We'll be gathering suggestions for future ToTW roughly each quarter into a new thread to reduce clutter, as new suggestions in old threads tend to not attract as many votes being pushed on the page down low and barely visible.

Rules are still the same and simple enough:

Each Sunday, one of the mods will pick a highly voted answer to this question for which to select as the topic of the week. This will keep going as long as there is interest, both from the mods and the community as a whole. During that week, we encourage all of the active members to ask at least one question on that specific topic. Do research if you have to. In the end, we will be able to fill out this site, to include things which we don't have enough activity yet.

Please give a single tag per question which you feel is underrated, and give an explanation of that tag to the group, so everyone can understand enough to start asking questions. Linking relevant Wikipedia articles can be of help, or other useful starting points for research. Finally, if you have a request for a specific week, then please include it in your answer. For instance, if there is a significant anniversary, a new launch, flyby, etc, then it seems logical we should have a topic of the week built around that subject.

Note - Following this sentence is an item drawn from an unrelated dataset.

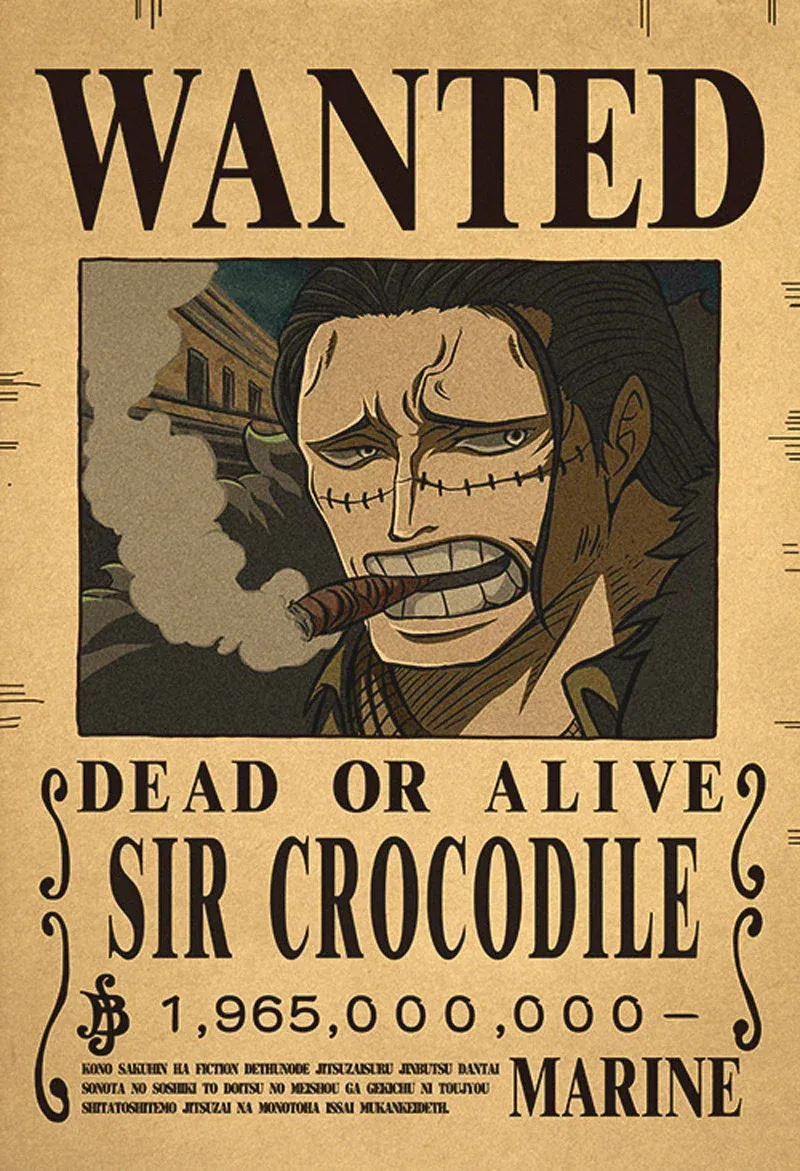 Voici l’affiche Wanted de Sir Crocodile, avec une prime imposante de 1,965 milliards de berry. Cet ancien Shichibukai, maintenant membre clé de la Cross Guild aux côtés de Baggy et Mihawk, est plus dangereux que jamais.
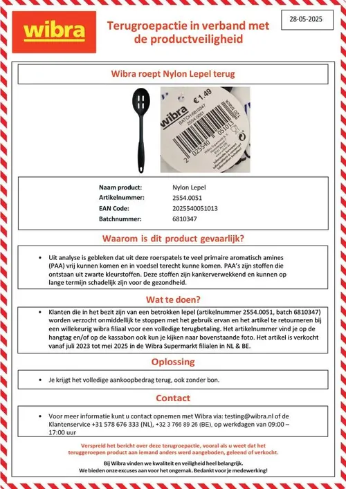 De winkelketen Wibra heeft een dringende terugroepactie aangekondigd voor een nylon keukenlepel die eerder in Nederland en België is verkocht. Klanten wordt met klem geadviseerd het product onmiddellijk niet meer te gebruiken vanwege mogelijke gezondheidsrisico’s.

Once this thread becomes active, we'll change its title to reflect currently running ToTW and feature it, so it shows in our Community Bulletin (the yellow box to the right hand side of our main site pages).

Here are a few last selected ToTW to the list for easier reference (links on dates point to the suggestion), and we'll add new ones as they gather sufficient support by voting on them:


Topics of The Week (currently running one in bold):


Ideally, we need at least 3 upvotes on suggestions to make it as our ToTW! Please support those you're interested in and haven't yet been selected with your vote, and add your own below, each in a new answer, starting with the tag name (markup is in [tag:tag_name] format and links to main site tag with a given tag_name), followed by short description of it and optionally why you believe it should be selected and/or links to any already existing example questions, so it's clearer what you had in mind.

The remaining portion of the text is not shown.